Une des principales contributions de David Graeber est d’expliquer le processus par lequel l’économie marchande s’est imposée sur d’autres formes d’économies par la violence, le marché et l’État. Plus précisément, il montre comment la monnaie, outil par excellence de l’échange, tire ses origines de la guerre. D’abord parce qu’elle sera un moyen pour payer les soldats, puis parce qu’elle deviendra une solution employée de tout temps par les États pour éponger des dettes contractées pour lever des armées. La rigueur anthropologique exige donc que la place de la monnaie dans les échanges économiques soit replacée dans son contexte, peu importe l’époque, contrairement à la tendance qu’ont les économistes formalistes à en exagérer la portée et à en présupposer le caractère « naturel ». Graeber montre ainsi à quel point la théorie économique classique, telle que fondée par les travaux d’Adam Smith ou de David Ricardo, offre un discours profondément utopiste : dans l’Angleterre du XVIIe siècle, très peu de monnaie circulait réellement et les échanges se réalisaient presque toujours sous forme de crédit. L’introduction de la monnaie à grande échelle arrive au même moment où l’État fait un usage systématique de dispositifs judiciaires et punitifs pour régler les problèmes de dettes dans la population.
 
Anarchiste de longue date, Graeber fait dans ce livre une contribution fondamentale aux études économiques, les invitant à ne jamais oublier comment la violence est à la base de l’asservissement, qu’il soit salarial ou esclavagiste. Grand érudit et vulgarisateur hors pair, l’auteur arrive à articuler avec clarté une quantité impressionnante de données historiques et anthropologiques.
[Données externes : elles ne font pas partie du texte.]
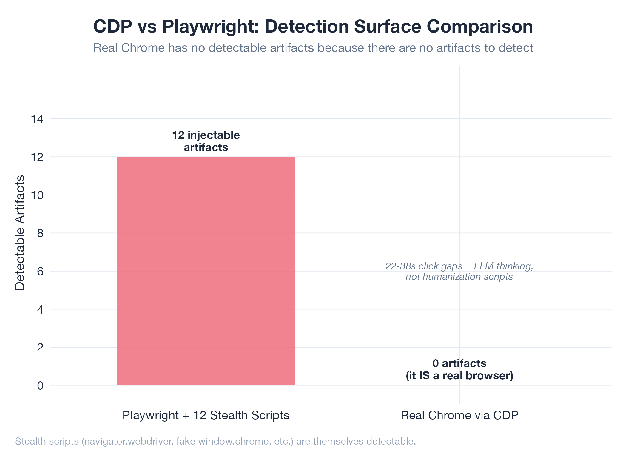 CDP mode disables ALL stealth scripts, relying entirely on real Chrome session. 22-38s click gaps were pure LLM inferenc

Pour lui, faire l’histoire de la dette, c’est « inévitablement reconstruire aussi la façon dont la langue du marché a envahi toutes les dimensions de la vie humaine – jusqu’à fournir une terminologie aux voix morales et religieuses apparemment dressées contre lui » (p. 109). Le mythe du troc et les systèmes moraux qui fondent la « science économique » libérale et capitaliste en sortent fortement ébranlés, car l’auteur porte une langue nouvelle, à la fois rigoureuse, limpide et capable de « projections libérantes », pour parler comme Paul-Émile Borduas.

 

David Graeber
Dette. 5000 ans d’histoire
Paris, Les Liens qui libèrent, 2013, 624 p.